Cut The Red Tape
Better Parks and Public Spaces
Toronto mayoral candidate Olivia Chow spoke just outside a park in East York on Wednesday touting a campaign promise to “cut red tape” for grassroots organizations looking to hold events on city property. During 30 Minutes event she proposed a solution to speed up and simplify the process to book city parks for public events.
“People shouldn’t have to navigate a complicated maze to get the right permits to use parks we all own,” said Olivia. “Our summers are short enough so as your new mayor, I’ll make it quicker and easier for families and neighbourhoods to enjoy our parks.”
Olivia Chow plan contains:
- Put permits for common activities online to make things quicker and simpler. Currently, people who want to have a birthday party, picnic, take wedding photographs or book a tee time at a city golf course have to fill out paper forms. It’s 2014, and people should be able to get permits online, as well as buy tickets for island ferries. Olivia would also enhance online information, with interactive maps.
- Cut red tape for larger events such as parades, festivals, markets and arts events, which make our city more liveable and generate significant tourism activity.
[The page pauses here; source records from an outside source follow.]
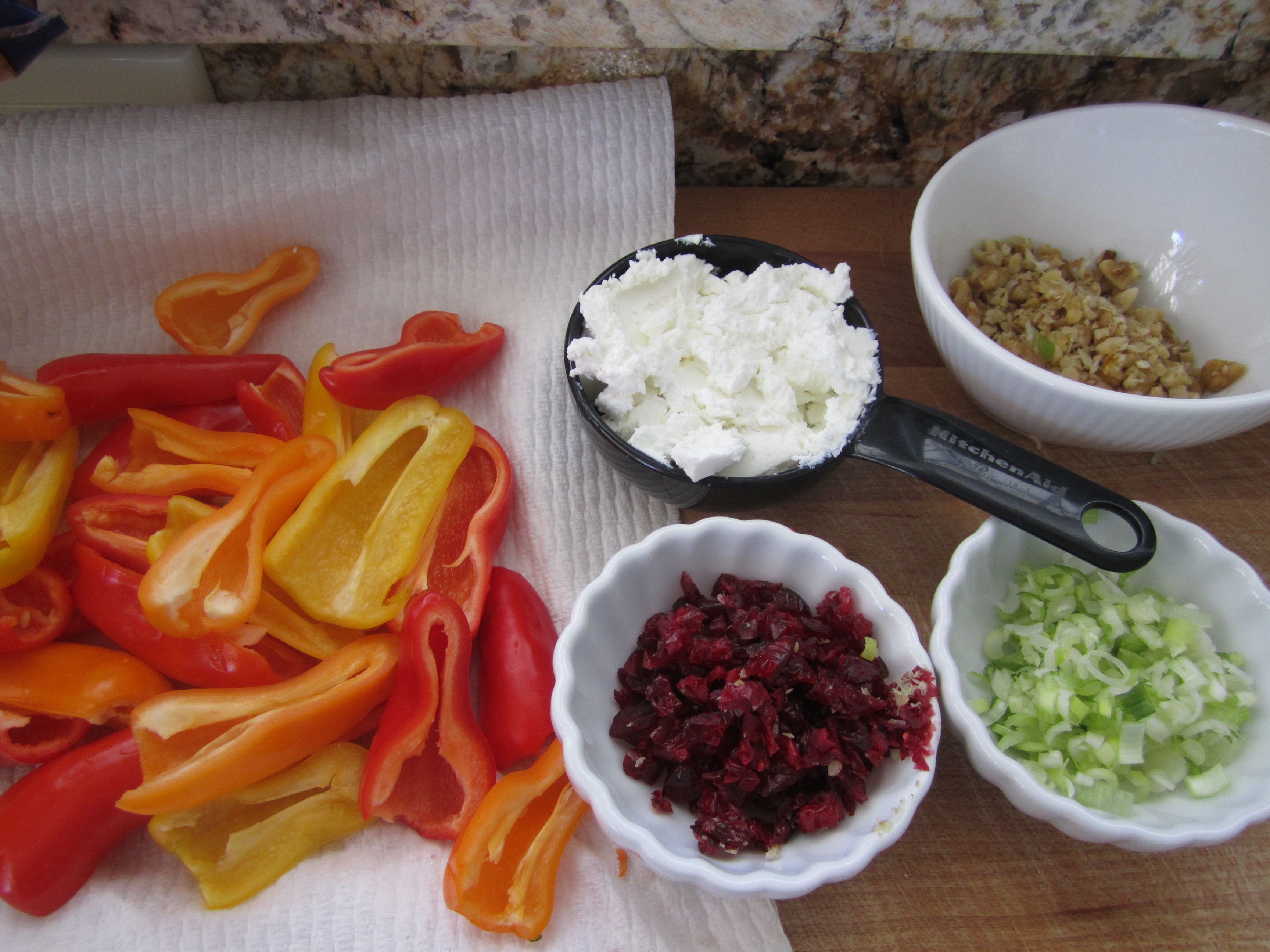 Bring goat cheese to room temperature. Finely chop cranberries and walnuts; slice green onions. Stir all three ingredients into cheese until well blended. Cut peppers in half lengthwise; remove seeds and caps. Fill peppers with cheese mixture and arrange on serving platter. Keep chilled until ready to serve. (If you have extra mini-peppers, store in plastic bag in refrigerator for other use).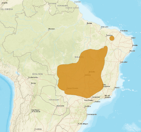 Distribuição Geográfica: Endêmica do Brasil, ocorre nos estados do Maranhão, Piauí, Tocantins, Rondônia, Mato Grosso, Mato Grosso do Sul, São Paulo, Minas Gerais, Bahia, Goiás e no Distrito Federal.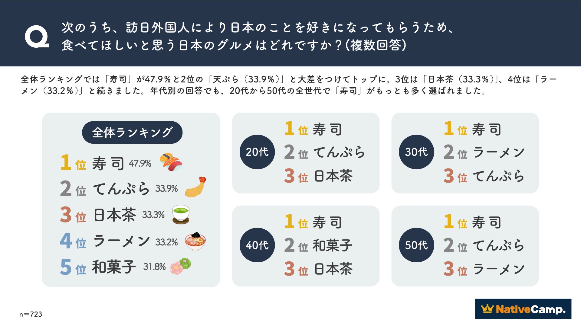 次に、訪日外国人におすすめしたい日本のグルメについて、全体ランキングでは「寿司」が47.9%と2位の「天ぷら(33.9%)」と大差をつけてトップに。3位は「日本茶(33.3%)」、4位は「ラーメン(33.2%)」と続きました。年代別の回答でも、20代から50代の全世代で「寿司」がもっとも多く選ばれました。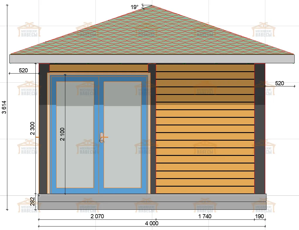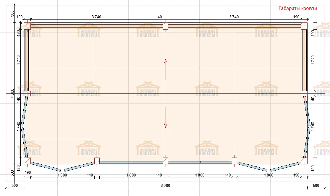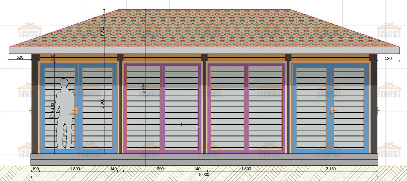 Размер: 4×8 м Площадь (по стойкам): 32 м² Срок производства: 45 день Срок монтажа: 8 дня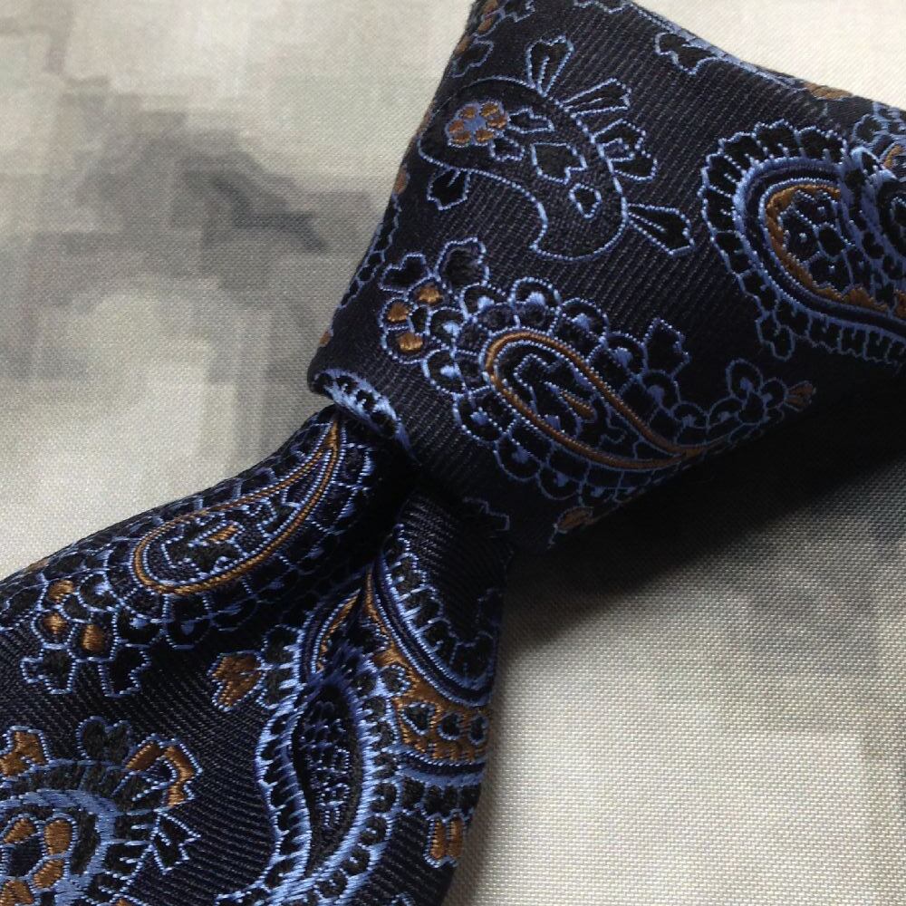 鎌倉シャツ メーカーズシャツ鎌倉 Makers Shirt 美品 未使用品 微光沢 ネクタイ ペイズリー柄 ネイビー系 D-008610
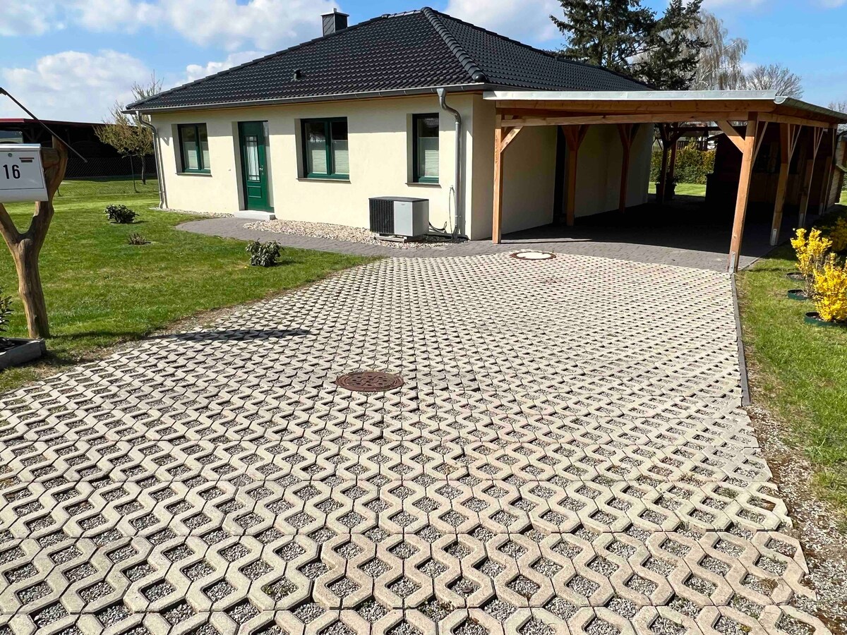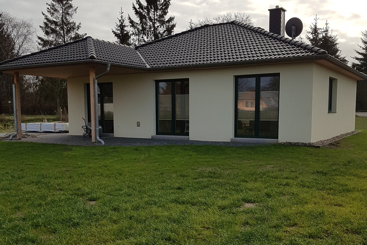 The cottage was completed at the end of 2019. It is about 100 square meters, with a covered terrace and a large garden. Mönchbusch is a small district of Alt Schwerin. It's really very, very quiet there. If you are lucky, you can watch the deer or wild boar from the garden in the field. Plauer See is only 2 km away. If you love nature and are looking for peace, this is the place to be. There are many possibilities for hiking, biking or water sports.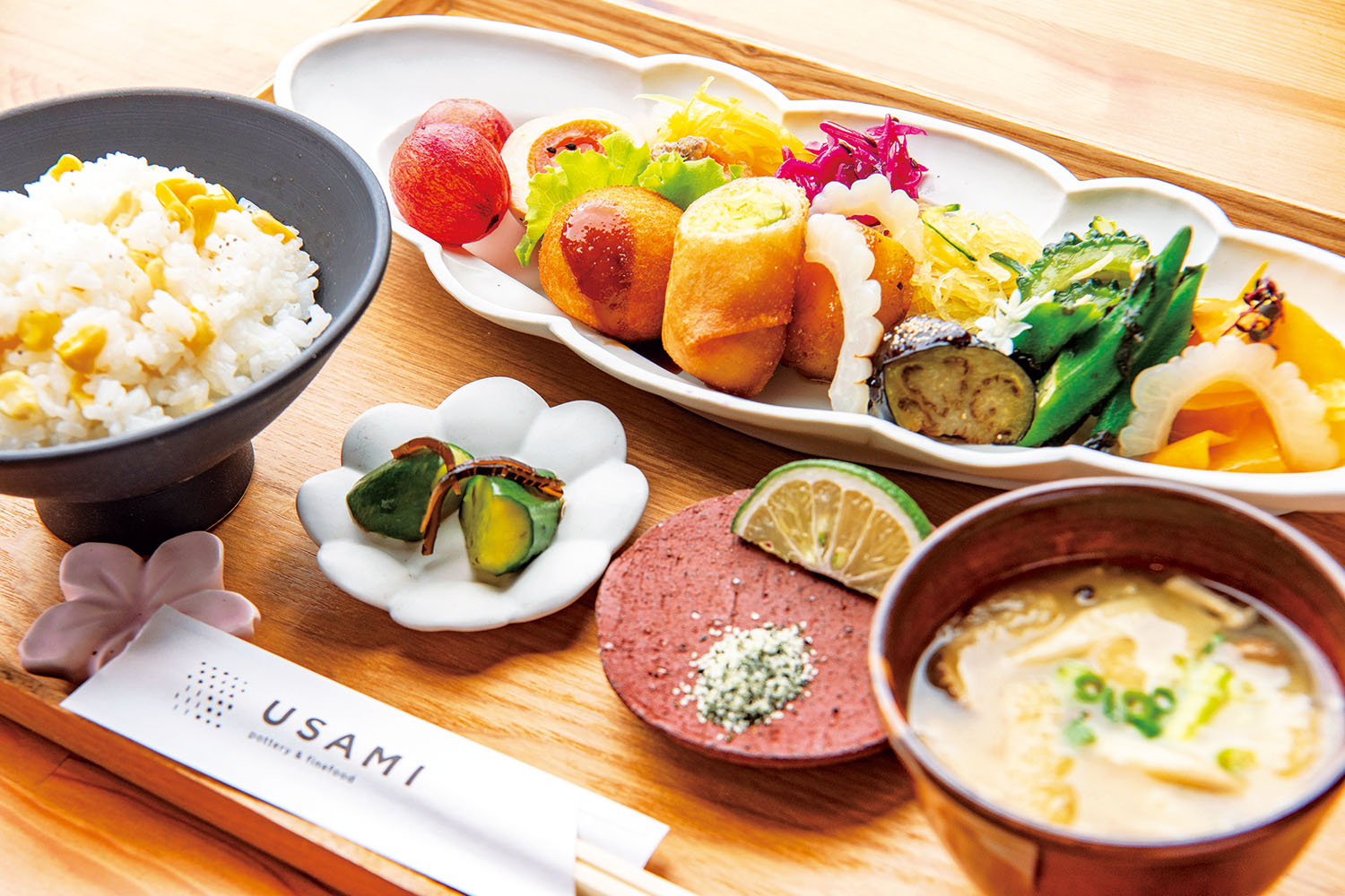 ランチは臼杵石仏近くの『USAMI食堂』で季節のごはんを。夫の宇佐美裕之さんが作った器をキャンバスに見立て、宇佐美友香さんが絵を描くように色とりどりの野菜を配置する。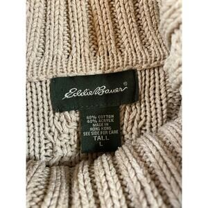Eddie Bauer Tan Cable Knit Fisherman Core Cowl Neck Sweater Cotton Blend L Tall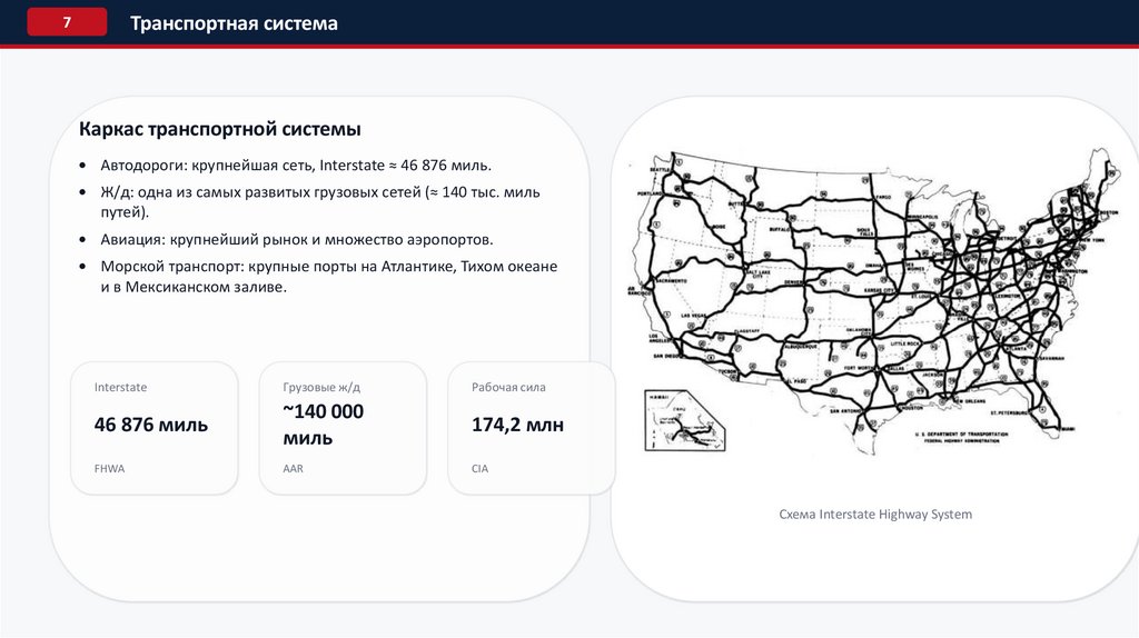 Автодороги: крупнейшая сеть, Interstate ≈ 46 876 миль.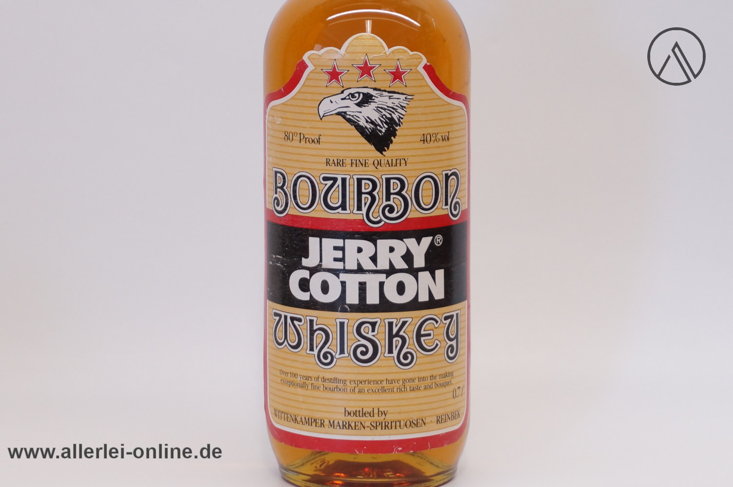 Lieferumfang: 1 Stück Vintage Bourbon Whiskey | JERRY COTTON | 40% vol.- 0,7l | Abfüllung für den BASTEI-Verlag durch Wittenkamper/Reinbeck ,wie abgebildet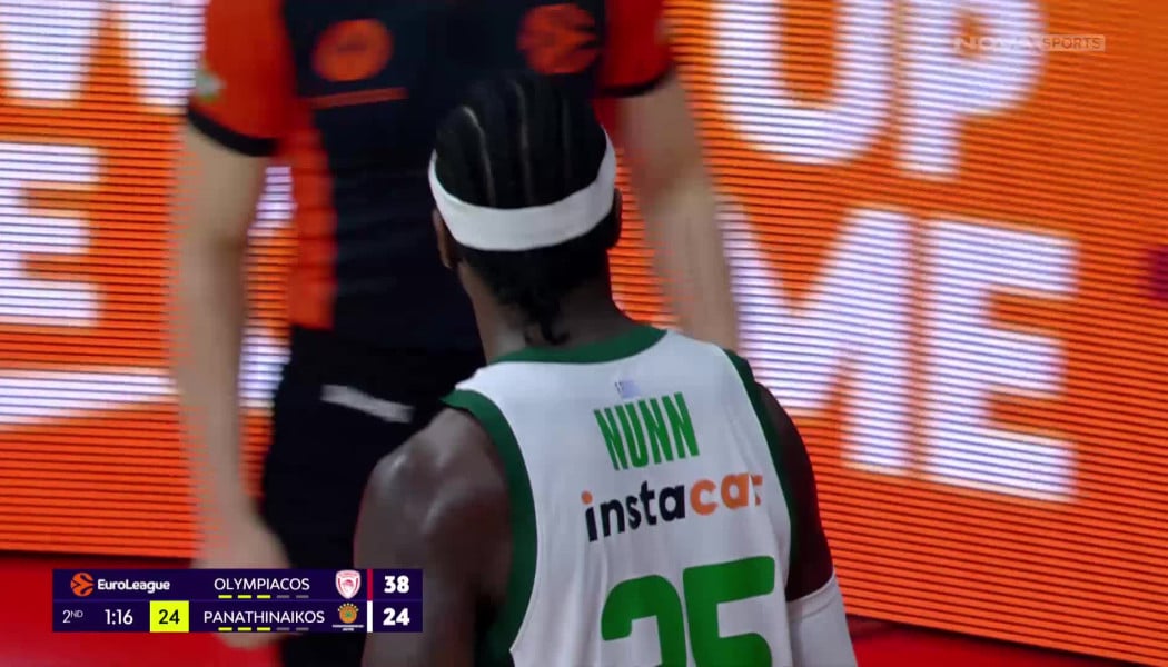 Ολυμπιακός - Παναθηναϊκός: Ο Κέντρικ Ναν έφυγε στον αιφνιδιασμό και σκόραρε πάνω στην άμυνα του Άλεκ Πίτερς μειώνοντας σε 38-24 για τον Παναθηναϊκό.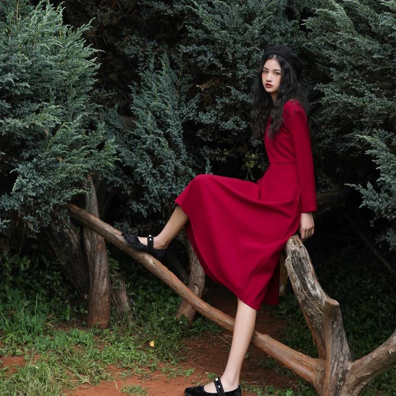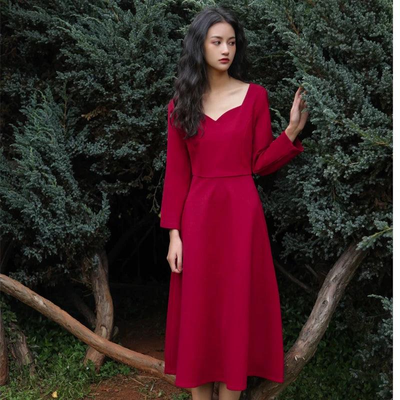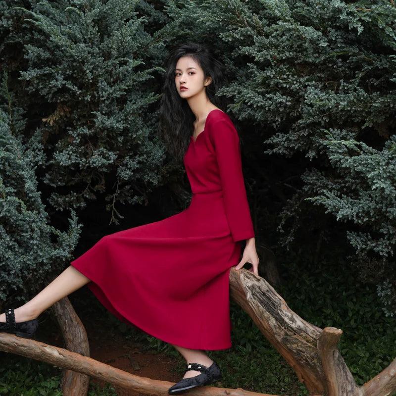 Step into elegance with the Retro Red Vintage Chic Dress Stylish Nine-Quarter Sleeve. This dress perfectly fuses classic charm with modern trends, making it an essential addition to your wardrobe.
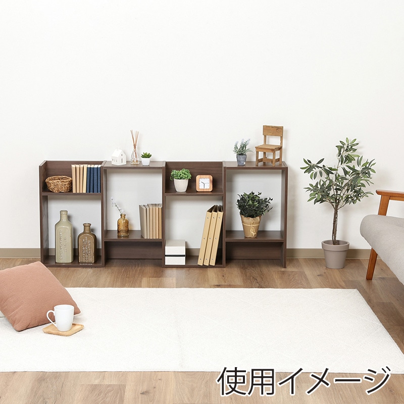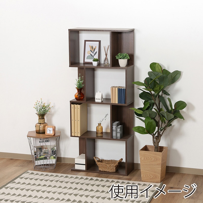 不二貿易 S型ディスプレイラック 4段 ミディアムブラウン 1台(ご注文単位1台)【直送品】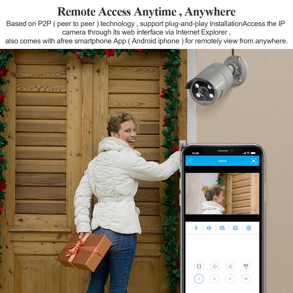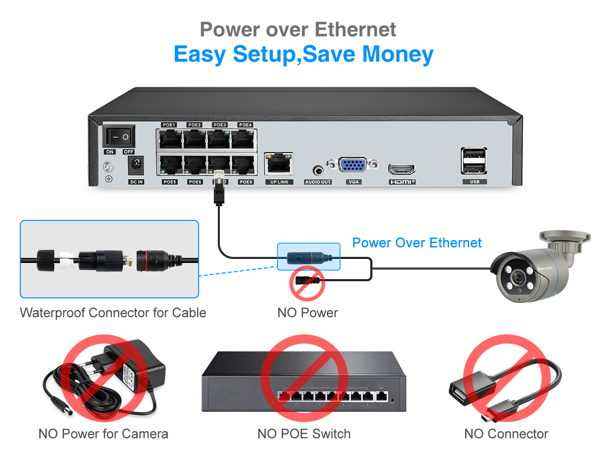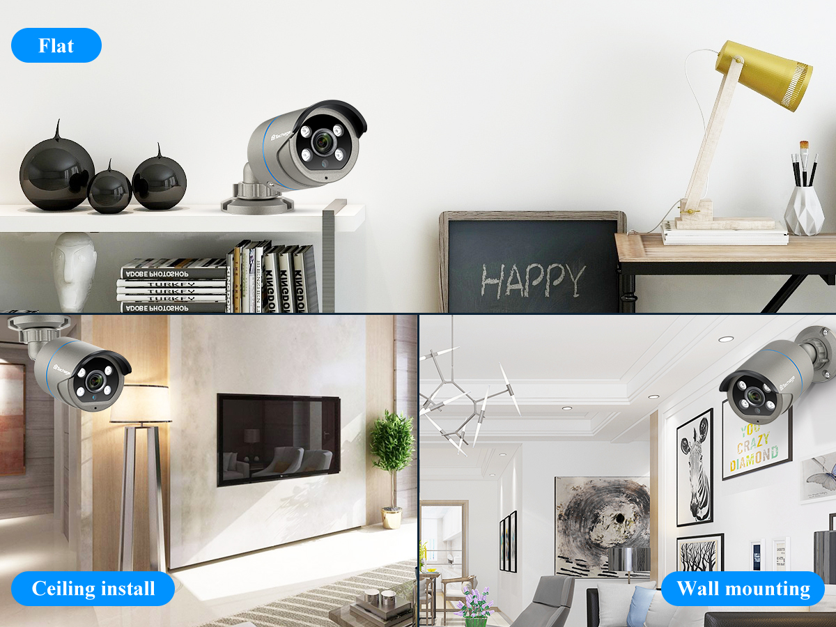 4-мегапиксельная камера POE: IP-камера 48 В POE, встроенный модуль PoE стандарта 802.3af, он может работать с инжектором PoE 48 В или 48 В POE NVR, стандартом 802.3af

Currently, if an event uses a park, sidewalk or street, the organizers have to deal with two sets of staff, fill out two forms and pay two fees. This makes no sense, and Olivia would simplify it.
- Make it easier for friends-of-parks groups to improve parks. In recent years, “friends of” parks groups, which augment work done by staff, have become more popular. They allow people who live near a park to improve it and hold community events there. Olivia will make it easier for these groups to make our parks more lively and beautiful, and help them use parks for more uses including farmers’ markets, food events and pumpkin parades around Hallowe’en. She would also waive fees and cover insurance costs for their fundraising events held in parks because citizens shouldn’t be out-of-pocket when they are making communities stronger.
- Help citizens let the city know if there’s a problem in a park by posting the name and contact information of the staff person responsible. It should be easier for people to let the city know about vandalism, unusual amount of litter or drug-related activities in parks.
- Establish the mayor’s public art foundation to beautify our city. Other cities, such as New Zealand’s capital, Wellington, have public art foundations. They raise funds from companies and citizens to commission public art that is donated to the city. (Wellington’s was formed in 1982 and has commissioned 30 pieces, which can be seen at sculpture.org.nz) Olivia would introduce one to our city to make public spaces more welcoming, using the talents of our vibrant arts community.
“We like to think of ourselves as a city within a park, but too often forget that there are people within the city,” said Olivia. “We have parks so people can enjoy them and I’ll make it easier to do just that. I’ll also help organizers of larger events inject culture and vibrancy to neighbourhoods across the city.”
The cost of Olivia’s proposals is negligible. Waiving fees and paying insurance for groups holding park fundraisers is about $30,000 a year.